* _Work required_:
Leave every picture out and give back the lines below from the first through the line that holds "This document, titled", exactly as written.

Collected data entries
▼

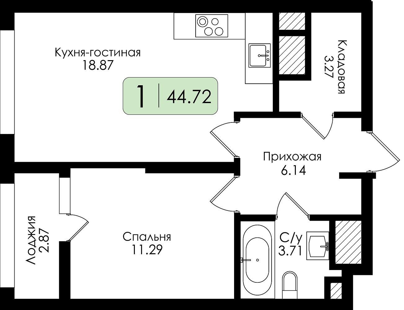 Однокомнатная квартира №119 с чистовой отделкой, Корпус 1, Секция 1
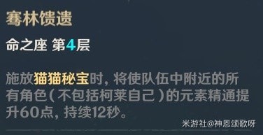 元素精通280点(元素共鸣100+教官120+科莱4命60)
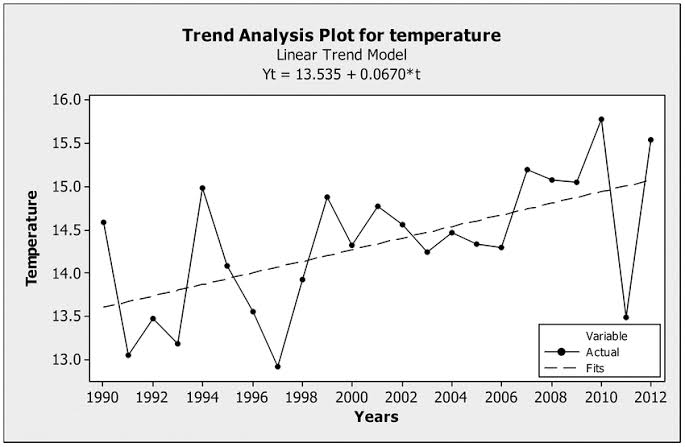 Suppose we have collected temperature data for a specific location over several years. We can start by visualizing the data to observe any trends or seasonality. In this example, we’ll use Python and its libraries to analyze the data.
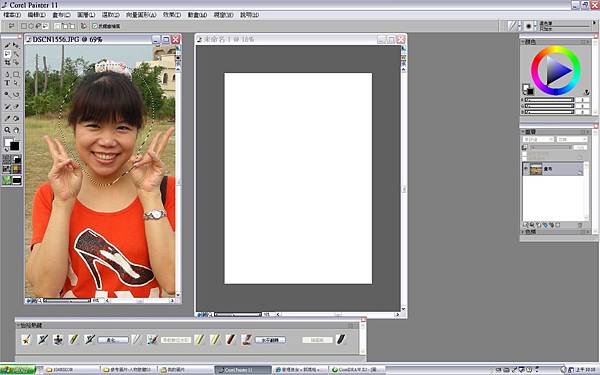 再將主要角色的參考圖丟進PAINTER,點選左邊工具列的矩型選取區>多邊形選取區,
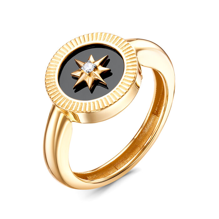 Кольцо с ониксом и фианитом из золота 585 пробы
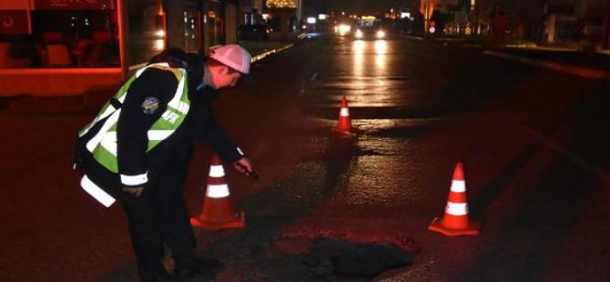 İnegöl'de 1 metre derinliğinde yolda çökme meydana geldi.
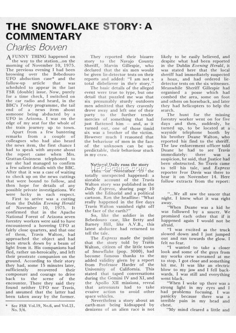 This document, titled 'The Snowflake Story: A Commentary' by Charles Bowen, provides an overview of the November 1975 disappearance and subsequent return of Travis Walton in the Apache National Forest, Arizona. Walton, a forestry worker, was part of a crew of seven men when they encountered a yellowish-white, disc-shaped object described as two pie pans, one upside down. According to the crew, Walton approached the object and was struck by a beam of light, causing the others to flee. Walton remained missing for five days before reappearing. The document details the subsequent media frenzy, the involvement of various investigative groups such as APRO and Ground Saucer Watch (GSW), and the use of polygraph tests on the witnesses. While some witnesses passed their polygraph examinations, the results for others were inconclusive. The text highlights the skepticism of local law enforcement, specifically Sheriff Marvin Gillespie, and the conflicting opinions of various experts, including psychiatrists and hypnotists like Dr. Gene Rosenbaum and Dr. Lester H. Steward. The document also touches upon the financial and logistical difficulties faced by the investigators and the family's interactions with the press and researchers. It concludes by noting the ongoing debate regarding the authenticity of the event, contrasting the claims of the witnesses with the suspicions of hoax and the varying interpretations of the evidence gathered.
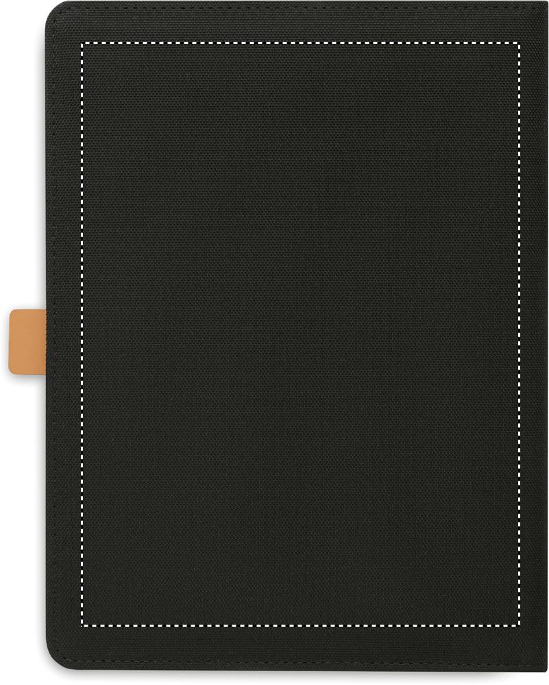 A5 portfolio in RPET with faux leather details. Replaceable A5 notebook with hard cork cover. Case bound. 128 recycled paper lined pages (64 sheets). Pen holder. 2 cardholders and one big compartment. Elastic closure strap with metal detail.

▲

* _Written solution_:
 Однокомнатная квартира №119 с чистовой отделкой, Корпус 1, Секция 1
 元素精通280点(元素共鸣100+教官120+科莱4命60)
 Suppose we have collected temperature data for a specific location over several years. We can start by visualizing the data to observe any trends or seasonality. In this example, we’ll use Python and its libraries to analyze the data.
 再將主要角色的參考圖丟進PAINTER,點選左邊工具列的矩型選取區>多邊形選取區,
 Кольцо с ониксом и фианитом из золота 585 пробы
 İnegöl'de 1 metre derinliğinde yolda çökme meydana geldi.
 This document, titled 'The Snowflake Story: A Commentary' by Charles Bowen, provides an overview of the November 1975 disappearance and subsequent return of Travis Walton in the Apache National Forest, Arizona. Walton, a forestry worker, was part of a crew of seven men when they encountered a yellowish-white, disc-shaped object described as two pie pans, one upside down. According to the crew, Walton approached the object and was struck by a beam of light, causing the others to flee. Walton remained missing for five days before reappearing. The document details the subsequent media frenzy, the involvement of various investigative groups such as APRO and Ground Saucer Watch (GSW), and the use of polygraph tests on the witnesses. While some witnesses passed their polygraph examinations, the results for others were inconclusive. The text highlights the skepticism of local law enforcement, specifically Sheriff Marvin Gillespie, and the conflicting opinions of various experts, including psychiatrists and hypnotists like Dr. Gene Rosenbaum and Dr. Lester H. Steward. The document also touches upon the financial and logistical difficulties faced by the investigators and the family's interactions with the press and researchers. It concludes by noting the ongoing debate regarding the authenticity of the event, contrasting the claims of the witnesses with the suspicions of hoax and the varying interpretations of the evidence gathered.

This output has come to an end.